A woman came in to buy an "Infertility is the Worst" card for her friend. She came back the next week to make an exchange - after years of waiting, it was time to buy a "Babies are Awesome" card for her friend.

We've had sober conversations with customers about impossibly hard situations. What card do you buy when your friend's child commits suicide? What do write in a card for a family member whose cancer came back?

We've also been included in celebrations of freshly cancer-free news.

We've helped with many covert shopping operations, sneaking cards and jewelry behind the counter so the person with them won't see and ruin the surprise.

Once, someone used our "Will You Marry Me" card to get engaged.

We've helped deep sea fishermen pick out cards to leave behind for their sweethearts.

I've talked shop with the daughters and sons of lifelong letterpress printers - the kids who grew up with the smell of ink, and speak of it with reverence.

I've experienced the joy of seeing the items I picked out for the shop find the perfect people to appreciate them.

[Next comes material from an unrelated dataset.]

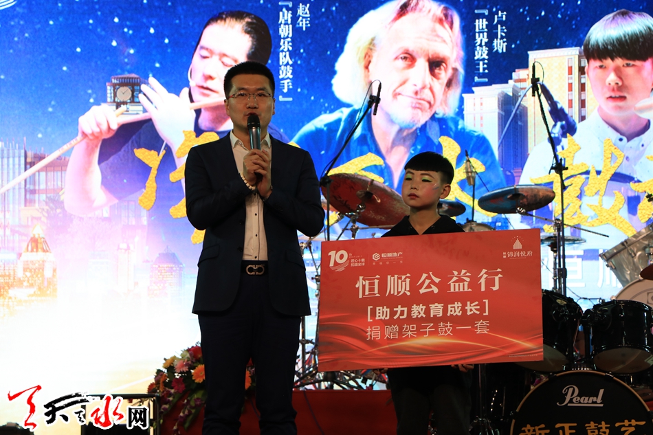 当天,恒顺地产也邀请来世界鼓王卢卡斯、中国鼓王赵牧阳、唐朝乐队鼓手赵年、天水籍连续3届全国双料冠军曹嘉宇等诸多音乐大咖,现场表演鼓乐技艺。卢卡斯激昂的打击乐里,充满着西方乐曲的震撼和舒缓,一次次鼓棒落下,化作震撼的音符,在心中不断回响激荡;赵牧阳,一次次的鼓乐敲击,迸发出中国民族音乐魅力,粗犷高昂的乐曲间,沉淀着对西北大地的眷恋。赵年、曹嘉宇也纷纷亮相,以富具个性特色的打击乐,抒发着自己对音乐的见解,快促的节奏,昂扬的乐调,每一个表演都像竞赛一般激烈震撼。

I've had many deep conversations with strangers about life, parenthood, marriage and the future of our country. I've had a lot of conversations about cats and puppies and Sounders FC too.

I've run into old friends in the shop, meeting their kids, hearing about their lives.

There have been bad moments too. Rude, cruel interactions. People lashing out. Racist and sexist comments hurled. People sharing strong negative opinions about everything under the sun. (It is still retail, after all.) I can get hardened and afraid to be open in the shop. It's my happy place, but I can only control the environment so much. One truly awful interaction in a day, and I feel like the magic has left the place. But the magic always comes back. The love shared here greatly exceeds the other stuff.

I've gotten to know people deeply in this place. I've chosen and crafted and arranged small things with love to make people feel a little bit of joy. And it's worked.

Today, an old friend came into the shop and we made some small talk. And then she shared some incredibly hard news about her life. We hugged and cried. I don't know her well, but this is a safe place for hearts on sleeves. This is a place that you can come and feel momentary comfort. This is a good place, and I'm proud that it's mine.